Working Americans who reported recent or current change were more likely to say they experienced work-life conflict (39 percent vs. 12 percent for job interfering with non-work responsibilities and 32 percent vs. 7 percent for home and family responsibilities interfering with work), felt cynical and negative toward others during the workday (35 percent vs. 11 percent) and ate or smoked more during the workday than they did outside of work (29 percent vs. 8 percent).
The survey findings also show how workplace changes may affect employees’ attitudes and experiences on the job. Workers who reported being affected by organizational change currently or within the past year reported lower levels of job satisfaction compared with employees who reported no recent, current or anticipated changes (71 percent vs. 81 percent). 
And you may feel a little more than just stress when change occurs. Working Americans who reported recent or current change were almost three times more likely to say they don’t trust their employer (34 percent vs. 12 percent) and more than three times as likely to say they intend to seek employment outside the organization within the next year (46 percent vs. 15 percent) compared with those with no recent, current or anticipated change.
Underlying employee reactions to organizational change may be their perceptions of the motivation behind those changes and the likelihood of success, according to the survey. Almost a third of U.S. workers said they were cynical when it comes to changes, reporting that they believed management had a hidden agenda (29 percent), that their motives and intentions were different from what they said (31 percent) and that they tried to cover up the real reasons for the changes (28 percent). 
Working Americans also appeared skeptical when it comes to the outcomes of organizational changes.
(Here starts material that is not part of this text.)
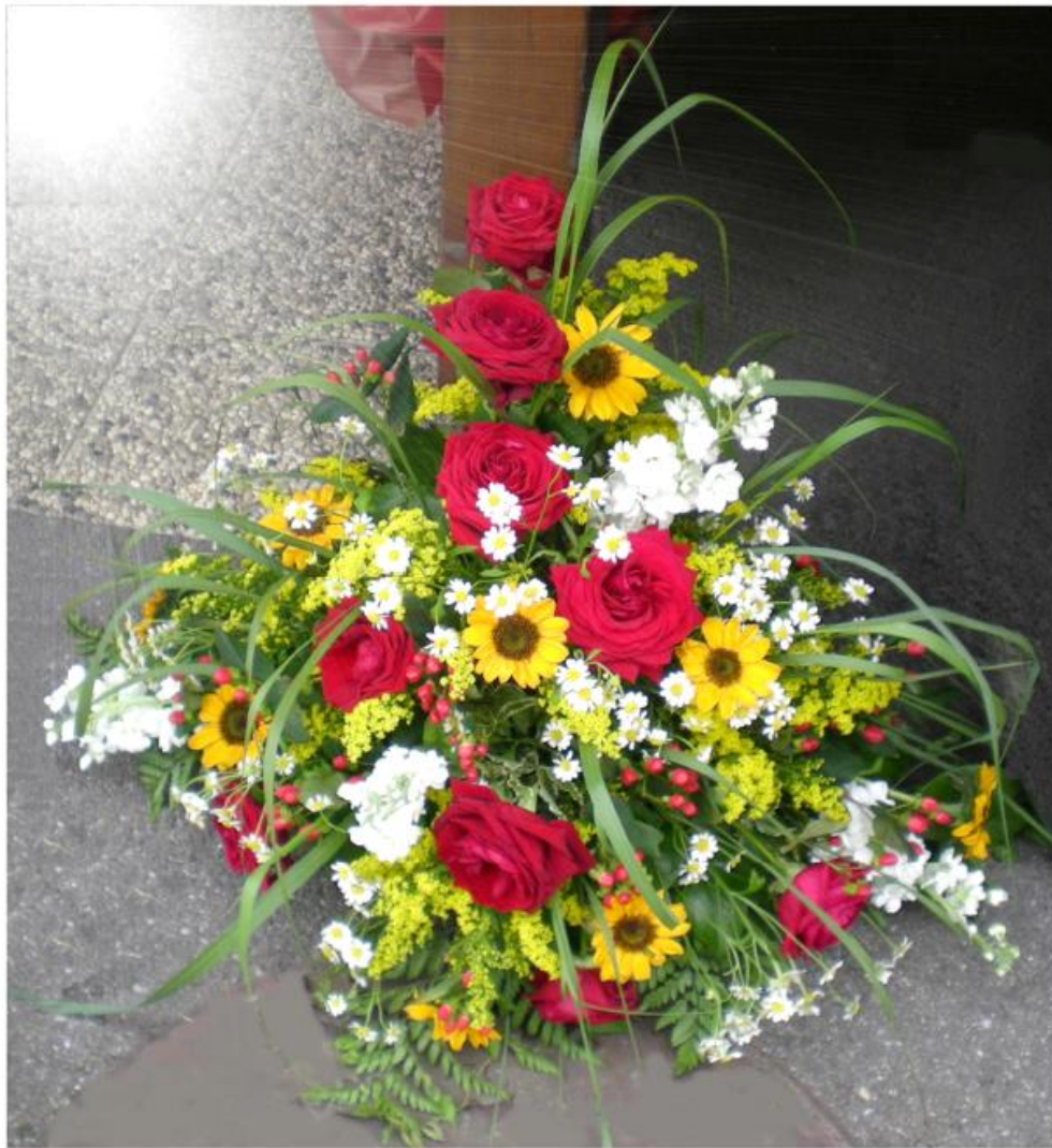
Hat Katharina zur Entspannung Blumengebinde ähnlich diesem hergestellt?

Mehrmals habe ich mich gefragt, ob nicht auch Katharina als Mystikerin hin und wieder eine Pause benötigte, eine Auszeit, eine Tätigkeit, bei der sie sich einfach entspannen konnte! Da stieß ich in den Aussagen eines Zeugen ihres Heiligsprechungsverfahrens, dem „ Prozess von Castello “, auf Überraschendes: Katharina liebte es, Blumengebinde herzustellen, Sträußchen, Kränze und Kreuze, welche „süßen Wohlgeruch“ ausströmten und die Herzen und Nasen aller erfreute, die sie damit beschenkte. „Darum geschah es, dass auch ich... manche Kreuze und Blumensträuße geschenkt bekam.“ (Der Prozess von Castello, 56-58).

Only 4 in 10 employees (43 percent) had confidence that changes would have the desired effects and almost 3 in 10 doubted that changes would work as intended and achieve their goals (28 percent each).
“Change is inevitable in organizations, and when it happens, leadership often underestimates the impact those changes have on employees,” newswise.com quotes David W. Ballard, PsyD, MBA, head of APA’s Center for Organizational Excellence. “If they damage their relationship with employees, ratchet up stress levels and create a climate of negativity and cynicism in the process, managers can wind up undermining the very change efforts they’re trying to promote.”